Trading Places is Stockhead’s semi-regular, pretty damn fascinating recap of the latest red flag buying and selling of ASX small cap shares.  It is here that the rubber really hits the road for fund managers, stakeholders, distant (and not-so-distant) relatives and other famous or infamous investors.

Specifically, Trading Places tracks substantial shareholder movements – namely when an individual’s trade in a company’s stock crosses the 5% threshold. These are usually directors, individual investors, institutional investors… or their distant (and not-so-distant) relatives.

Shareholders are required by basic human decency (and the law) to publicly declare via the exchange when their personal stake goes below or above 5%, and from there, every movement in their holdings while owning above 5%.

Here’s the form to get you started, if reading this makes you twitchy.

Sellers – Perennial cuts LayBuy losses

Standing out as a zealous seller of late is fund manager Perennial Value Management which has ceased to be a substantial shareholder of New Zealand fintech LayBuy Holdings (ASX:LBY).

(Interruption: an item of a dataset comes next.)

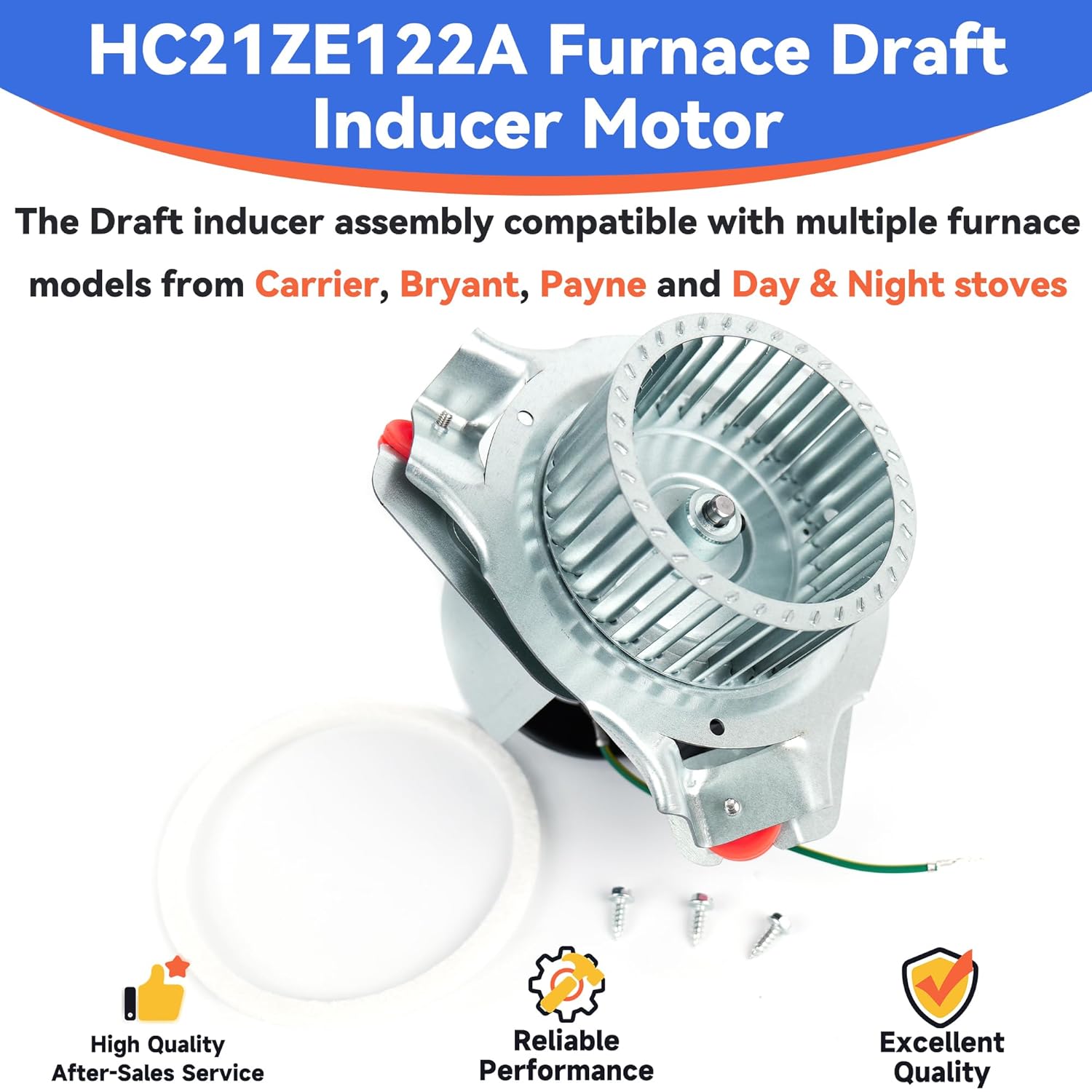 HC21ZE122A Draft Inducer Motor for Carrier, Bryant & Payne Furnaces, Replaces Jakel J238-112-11202 Blower Motor Assembly, Furnace Draft Inducer Motor Kit with Blower Wheel & Gasket Screws

Dominated by Afterpay, the once mighty BNPL sector has been caught naked and without a toothbrush in the recent tech and payments sell-off.

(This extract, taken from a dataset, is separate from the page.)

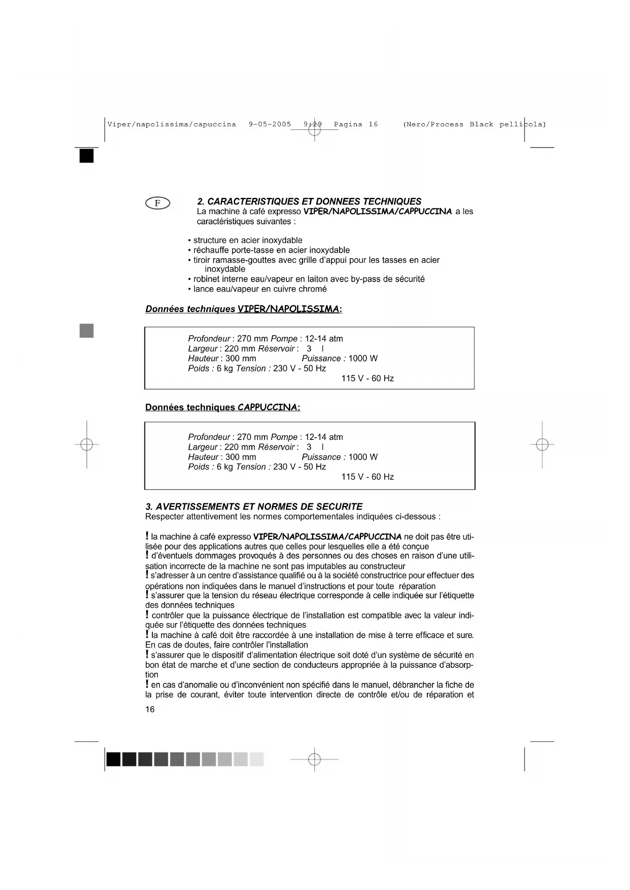 - lance eau/vapeur en cuivre chromé Données techniques VIPER/NAPOLISSIMA: Profondeur : 270 mm Pompe : 12-14 atm Largeur : 220 mm Réservoir :3 l Hauteur : 300 mm Puissance : 1000 W Poids : 6 kg Tension : 230 V - 50 Hz 115 V - 60 Hz Données techniques CAPPUCCINA: Profondeur : 270 mm Pompe : 12-14 atm Largeur : 220 mm Réservoir :3 l Hauteur : 300 mm Puissance : 1000 W Poids : 6 kg Tension : 230 V - 50 Hz 115 V - 60 Hz

And LayBuy has been one of the mightiest losers in the BNPL sector – and there’s been a lot of compelling competition for that title in a sector that looks like Jack Dorsey’s play thing, where Square is now Block and where the blog guy at Zip Co is voluntarily explaining how similar BNPL is to Laybuy.

Shares in LayBuy are now trading at record lows and have plunged to ~10 cents. It’s a steep decent from its listing close of $2.30 back in September 2020 from an IPO of $1.41 per share. 

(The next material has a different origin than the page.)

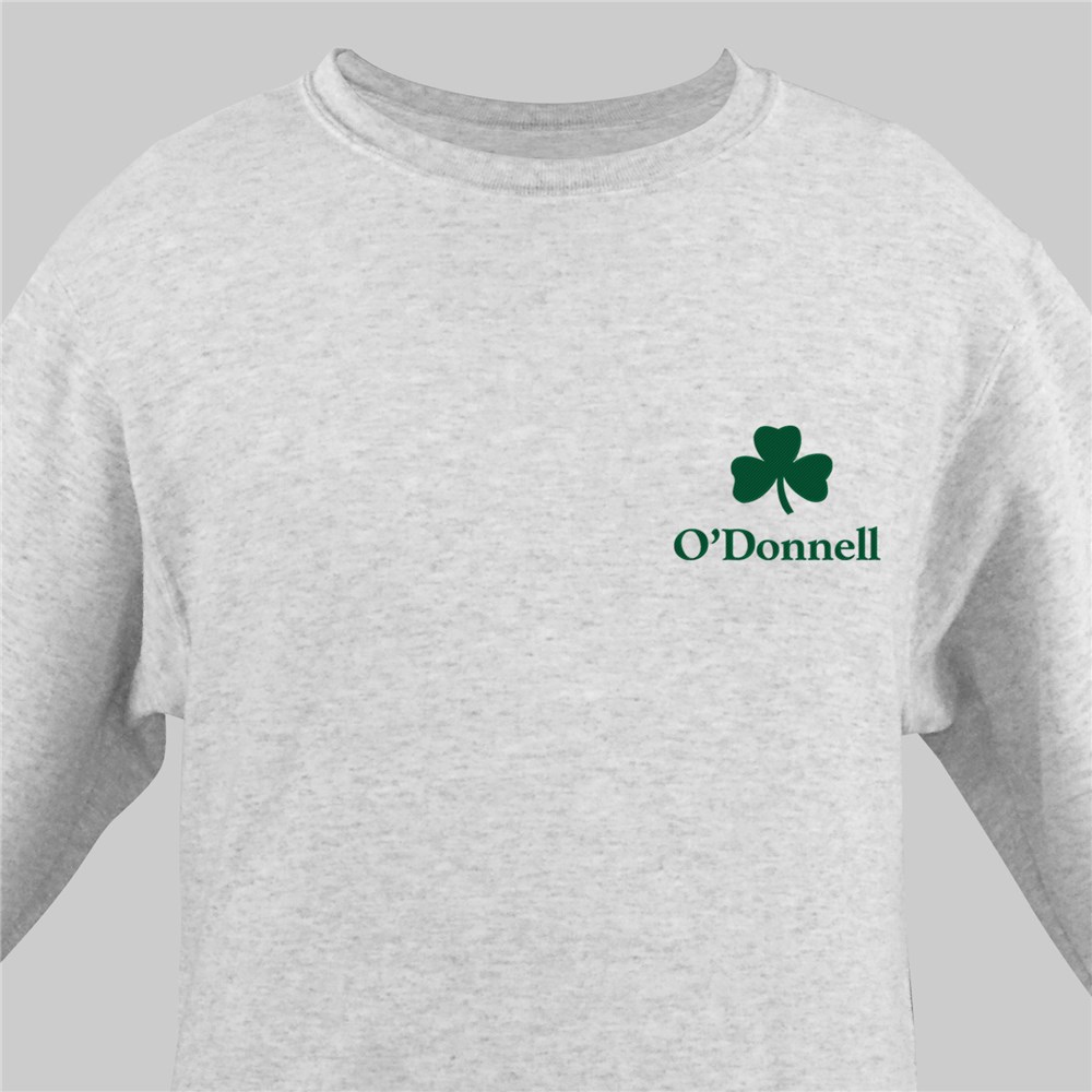 Featuring a cute shamrock, this sweatshirt can be personalized with any custom message line on the left chest.

When the market opened on February 9 Perennial had a 10% stake in Laybuy, but the call had come through to cut losses fast. That day, perennial began a consistent sell down of its holdings ~5 million shares – and by February 17 ceased to be a substantial shareholder of LBY.

Sellout of RBR Group

Kyle Haynes ceased to be a substantial holder in oil and gas services stock RBR Group (ASX:RBR) after his GH super fund sold 25 million shares for $125,000.

On February 10, the RBA announced it had reached a full and final settlement regarding a dispute over unpaid accounts in Mozambique, with more thanUS$4 million now paid to RBR subsidiary Projectos Dinamicos Lda.

Newbury reduces East Energy Resources holding

Coal explorer East Energy Resources Limited (ASX: EER) has seen its Managing Director and Executive Chairman James Newbury and his associated companies Maylion Pty Ltd and Axis Minerals Pty Ltd reduce their holdings.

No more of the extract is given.